Первыми погибли легкие корабли. Не успевшие как следует набрать хода, авизо и контрминонсцы оказались под интенсивным огнем шести и пяти дюймовых орудий крейсеров «Рейли» и «Глостешир». Потеряв ход и пылая от носа до кормы, авизо попытался уйти к берегу. Половина экипажа корабля была ранена или убита. Но «Донья Мария» успела выброситься на берег, в отличие от менее удачливых соратников — контрминоносцев. «Фурор», также охваченный пожаром, взорвался и затонул, унося с собой в пучину почти весь экипаж. «Плутон», который начал тонуть после попадания шестидюймового снаряда в котельное отделение, беспомощно дрейфовал в сторону берега. До которого так и не добрался, затонув примерно в паре кабельтовых от побережья после попадания очередного пятидюймового снаряда.

В это же время строй испанцев окончательно распался. «Кристобаль Колон», уходя от огня «Айовы» и набрав скорость не менее восемнадцати узлов, проскочил между испанскими кораблями и берегом. Прикрываясь при этом корпусами своих соратников от огня американцев. За ним, постепенно отставая, мчался «Император Карлос V» Но этому кораблю не повезло. В то время, когда крейсер шел мимо «Айовы», ее комендоры дали залп одновременно из всех орудий калибром в двенадцать и восемь дюймов. Для практически незащищенного (бронепалуба и двухдюймовая броня казематов) крейсера попадание нескольких тяжелых снарядов стало роковым. Скорость неожиданно упала, пожары вспыхнули сразу в нескольких местах. «Айова» и «Индиана» принялись методично расстреливать слабо огрызающийся огнем уцелевших орудий корабль.

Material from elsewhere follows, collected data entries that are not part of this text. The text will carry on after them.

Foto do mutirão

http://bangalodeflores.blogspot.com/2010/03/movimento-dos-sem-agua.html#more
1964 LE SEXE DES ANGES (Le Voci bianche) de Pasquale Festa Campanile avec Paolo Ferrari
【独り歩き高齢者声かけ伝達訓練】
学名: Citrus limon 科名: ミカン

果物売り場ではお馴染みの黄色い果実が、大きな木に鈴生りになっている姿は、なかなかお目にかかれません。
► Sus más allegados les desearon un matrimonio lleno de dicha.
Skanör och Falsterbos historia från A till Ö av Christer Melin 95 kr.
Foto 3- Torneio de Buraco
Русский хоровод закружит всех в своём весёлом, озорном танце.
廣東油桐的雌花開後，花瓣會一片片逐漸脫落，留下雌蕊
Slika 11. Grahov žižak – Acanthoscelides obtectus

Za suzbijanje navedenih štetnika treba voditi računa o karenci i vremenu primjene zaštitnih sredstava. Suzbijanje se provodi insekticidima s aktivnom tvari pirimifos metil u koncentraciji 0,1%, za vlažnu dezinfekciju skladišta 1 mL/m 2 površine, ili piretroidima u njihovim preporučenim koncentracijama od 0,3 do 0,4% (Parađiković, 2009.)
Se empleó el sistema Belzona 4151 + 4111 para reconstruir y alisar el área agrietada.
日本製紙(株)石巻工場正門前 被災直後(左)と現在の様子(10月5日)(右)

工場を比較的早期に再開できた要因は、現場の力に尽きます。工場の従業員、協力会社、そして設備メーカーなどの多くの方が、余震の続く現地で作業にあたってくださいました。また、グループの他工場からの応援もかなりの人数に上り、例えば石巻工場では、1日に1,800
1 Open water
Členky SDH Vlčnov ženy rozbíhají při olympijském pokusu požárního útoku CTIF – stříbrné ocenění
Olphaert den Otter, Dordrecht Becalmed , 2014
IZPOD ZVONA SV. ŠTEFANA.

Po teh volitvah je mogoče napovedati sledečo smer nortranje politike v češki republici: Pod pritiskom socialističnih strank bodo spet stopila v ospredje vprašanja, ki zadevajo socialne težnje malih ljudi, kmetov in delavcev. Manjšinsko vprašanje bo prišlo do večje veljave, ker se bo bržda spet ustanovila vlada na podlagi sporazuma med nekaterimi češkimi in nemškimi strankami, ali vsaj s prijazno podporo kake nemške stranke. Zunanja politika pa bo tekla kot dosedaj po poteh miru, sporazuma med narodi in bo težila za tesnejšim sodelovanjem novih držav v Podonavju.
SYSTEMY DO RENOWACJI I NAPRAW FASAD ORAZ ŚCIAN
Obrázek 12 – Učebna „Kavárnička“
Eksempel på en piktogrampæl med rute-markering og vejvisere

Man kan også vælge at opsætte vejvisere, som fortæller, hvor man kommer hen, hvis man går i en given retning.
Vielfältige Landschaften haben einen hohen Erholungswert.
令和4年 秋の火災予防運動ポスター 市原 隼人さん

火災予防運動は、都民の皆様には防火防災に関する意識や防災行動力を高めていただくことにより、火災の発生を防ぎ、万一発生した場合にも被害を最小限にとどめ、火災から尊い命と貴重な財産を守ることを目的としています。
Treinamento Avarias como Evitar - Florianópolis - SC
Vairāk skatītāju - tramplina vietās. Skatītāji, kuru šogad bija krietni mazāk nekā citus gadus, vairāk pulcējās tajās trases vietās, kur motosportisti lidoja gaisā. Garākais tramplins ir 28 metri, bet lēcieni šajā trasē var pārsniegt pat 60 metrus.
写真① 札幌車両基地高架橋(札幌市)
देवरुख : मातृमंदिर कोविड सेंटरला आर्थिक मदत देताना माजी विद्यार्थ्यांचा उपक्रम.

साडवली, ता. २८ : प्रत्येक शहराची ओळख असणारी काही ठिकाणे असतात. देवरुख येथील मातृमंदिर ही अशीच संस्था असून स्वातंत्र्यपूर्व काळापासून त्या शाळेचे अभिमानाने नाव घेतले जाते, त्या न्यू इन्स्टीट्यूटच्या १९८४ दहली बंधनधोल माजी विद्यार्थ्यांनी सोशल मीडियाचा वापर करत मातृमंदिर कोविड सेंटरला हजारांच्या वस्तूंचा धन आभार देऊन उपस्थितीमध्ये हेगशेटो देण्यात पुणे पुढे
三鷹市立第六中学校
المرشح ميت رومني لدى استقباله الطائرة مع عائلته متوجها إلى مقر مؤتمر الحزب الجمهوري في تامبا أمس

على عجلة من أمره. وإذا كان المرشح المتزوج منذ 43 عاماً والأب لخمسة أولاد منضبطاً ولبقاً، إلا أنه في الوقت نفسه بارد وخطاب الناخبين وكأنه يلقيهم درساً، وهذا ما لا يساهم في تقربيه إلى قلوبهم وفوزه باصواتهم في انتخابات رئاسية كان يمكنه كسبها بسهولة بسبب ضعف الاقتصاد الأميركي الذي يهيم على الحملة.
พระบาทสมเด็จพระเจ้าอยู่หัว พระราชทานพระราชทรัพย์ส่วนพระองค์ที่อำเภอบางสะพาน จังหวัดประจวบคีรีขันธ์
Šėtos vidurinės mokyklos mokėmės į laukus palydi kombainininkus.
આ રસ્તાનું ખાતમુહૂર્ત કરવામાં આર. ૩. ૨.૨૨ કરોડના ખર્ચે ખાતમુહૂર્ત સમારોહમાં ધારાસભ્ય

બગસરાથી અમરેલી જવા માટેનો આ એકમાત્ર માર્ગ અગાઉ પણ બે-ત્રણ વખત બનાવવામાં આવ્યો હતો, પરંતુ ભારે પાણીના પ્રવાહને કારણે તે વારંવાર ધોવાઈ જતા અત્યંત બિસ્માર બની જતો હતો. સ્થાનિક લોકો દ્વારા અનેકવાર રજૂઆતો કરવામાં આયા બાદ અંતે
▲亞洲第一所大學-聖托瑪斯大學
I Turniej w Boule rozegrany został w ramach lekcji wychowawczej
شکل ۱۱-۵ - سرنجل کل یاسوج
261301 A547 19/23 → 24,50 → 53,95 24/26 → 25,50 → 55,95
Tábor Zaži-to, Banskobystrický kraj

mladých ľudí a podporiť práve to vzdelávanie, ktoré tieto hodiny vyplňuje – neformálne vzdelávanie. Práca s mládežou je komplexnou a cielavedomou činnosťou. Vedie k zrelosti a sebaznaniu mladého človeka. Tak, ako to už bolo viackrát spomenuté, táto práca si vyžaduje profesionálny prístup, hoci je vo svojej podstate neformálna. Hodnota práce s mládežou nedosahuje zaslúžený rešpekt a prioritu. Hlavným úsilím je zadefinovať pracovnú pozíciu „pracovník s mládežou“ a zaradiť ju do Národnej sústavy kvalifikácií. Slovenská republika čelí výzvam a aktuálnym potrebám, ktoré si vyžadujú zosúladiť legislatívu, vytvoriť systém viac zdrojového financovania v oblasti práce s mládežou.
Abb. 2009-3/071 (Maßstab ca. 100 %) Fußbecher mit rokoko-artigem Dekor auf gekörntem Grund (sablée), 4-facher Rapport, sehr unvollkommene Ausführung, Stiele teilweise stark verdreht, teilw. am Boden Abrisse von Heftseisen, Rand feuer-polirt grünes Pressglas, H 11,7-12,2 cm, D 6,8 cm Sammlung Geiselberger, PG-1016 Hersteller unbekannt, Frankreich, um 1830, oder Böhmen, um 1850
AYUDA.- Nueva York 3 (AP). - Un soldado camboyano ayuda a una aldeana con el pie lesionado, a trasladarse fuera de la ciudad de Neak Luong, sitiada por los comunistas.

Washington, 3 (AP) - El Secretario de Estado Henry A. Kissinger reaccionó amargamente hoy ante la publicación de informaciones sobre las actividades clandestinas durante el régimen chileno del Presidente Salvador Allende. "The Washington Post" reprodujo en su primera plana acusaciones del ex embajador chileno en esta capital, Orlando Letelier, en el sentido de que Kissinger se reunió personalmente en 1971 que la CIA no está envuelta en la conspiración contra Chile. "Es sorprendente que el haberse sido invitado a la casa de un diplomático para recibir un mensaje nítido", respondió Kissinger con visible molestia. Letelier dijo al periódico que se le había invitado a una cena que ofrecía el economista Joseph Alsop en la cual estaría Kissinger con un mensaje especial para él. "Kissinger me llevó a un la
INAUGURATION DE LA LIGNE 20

Но хуже всего ситуация сложилась на флагмане. На корме, пораженной двумя двенадцатидюймовыми снарядами, горел пожар. Погасить его не удавалось, а едкий дым пожара заставили расчет кормовой девятидюймовки уйти из башни. Теперь флагман огрызался только редкими выстрелами носовой одиннадцатидюймовки и огнем из уцелевших шестидюймовок и сорокасемимиллиметровок. «Бруклин» и «Орегон» отвечали массированным огнем из всех калибров. «Инфанта Мария Терезия» шла вперед сквозь сплошной лес водяных столбов, временами окутываясь огнем и дымом на месте очередного попадания американского снаряда.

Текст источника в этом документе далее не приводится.